Trump’s Tariffs Hit AMD: Company Takes on $800 Million in Additional Costs

The American technology company joins NVIDIA among the main victims of U.S. trade restrictions on China, which also halt the export of its MI308 GPU for artificial intelligence.

The recent tariffs driven by Donald Trump as part of his renewed trade strategy are having a direct and severe economic impact on major U.S. tech firms. In this case, AMD has confirmed it will have to absorb up to $800 million in additional costs resulting from the new tariffs on products coming from China, as well as the restrictions preventing the export of its artificial intelligence chips to that country.
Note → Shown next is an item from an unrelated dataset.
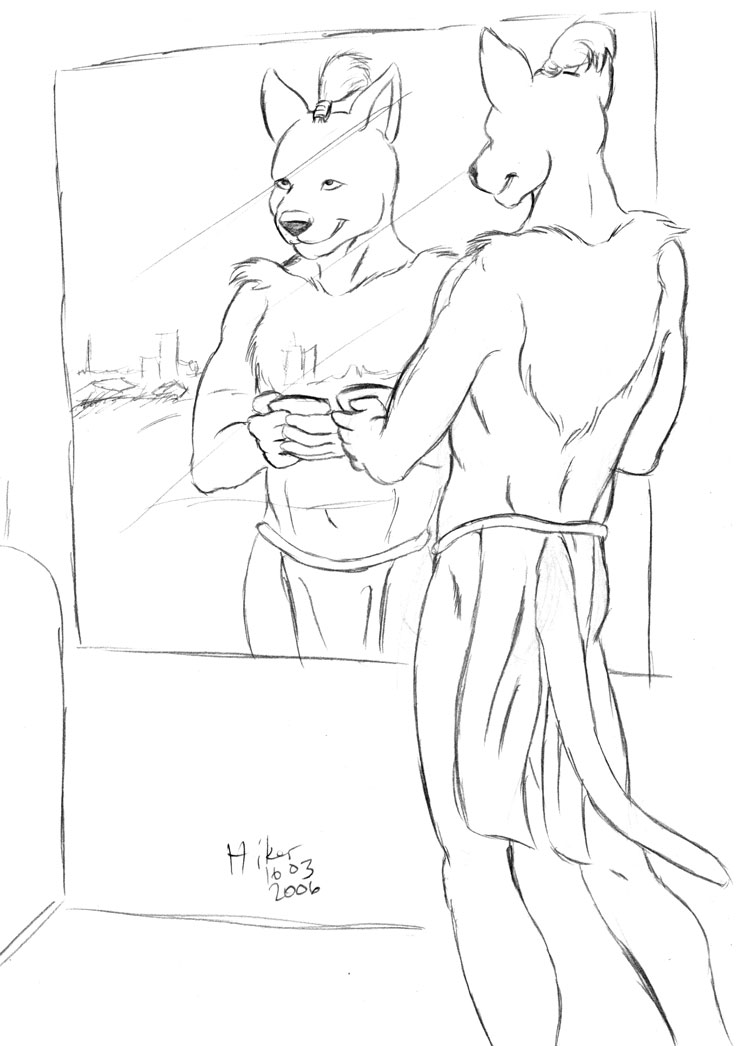 The exact details call for Leinir to be looking out of his basement apartment window, holding a teacup, with himself reflected in said window. I'm having a bit of trouble with the composition. Reference photos from (ahem) various sources have helped.

A multimillion-dollar cost in inventory, reserves, and purchase commitments

According to AMD itself, the $800 million is broken down into charges related to stranded inventory, strategic reserves, and purchase commitments that were already made prior to the regulatory changes. This amount is less than the $5.5 billion NVIDIA has acknowledged as the impact from the sales ban of its H20 GPU to China, but it still represents a significant setback for the company led by Lisa Su.

The new tariffs imposed by the Trump administration have been progressively increasing. While initially there was talk of a 54% tariff on certain Chinese products, now some key sectors—such as technology—are already subject to rates exceeding 245%, according to reports. The goal of these measures is to reduce dependence on products manufactured in China, although their collateral effect has been immediate on the margins of companies like AMD.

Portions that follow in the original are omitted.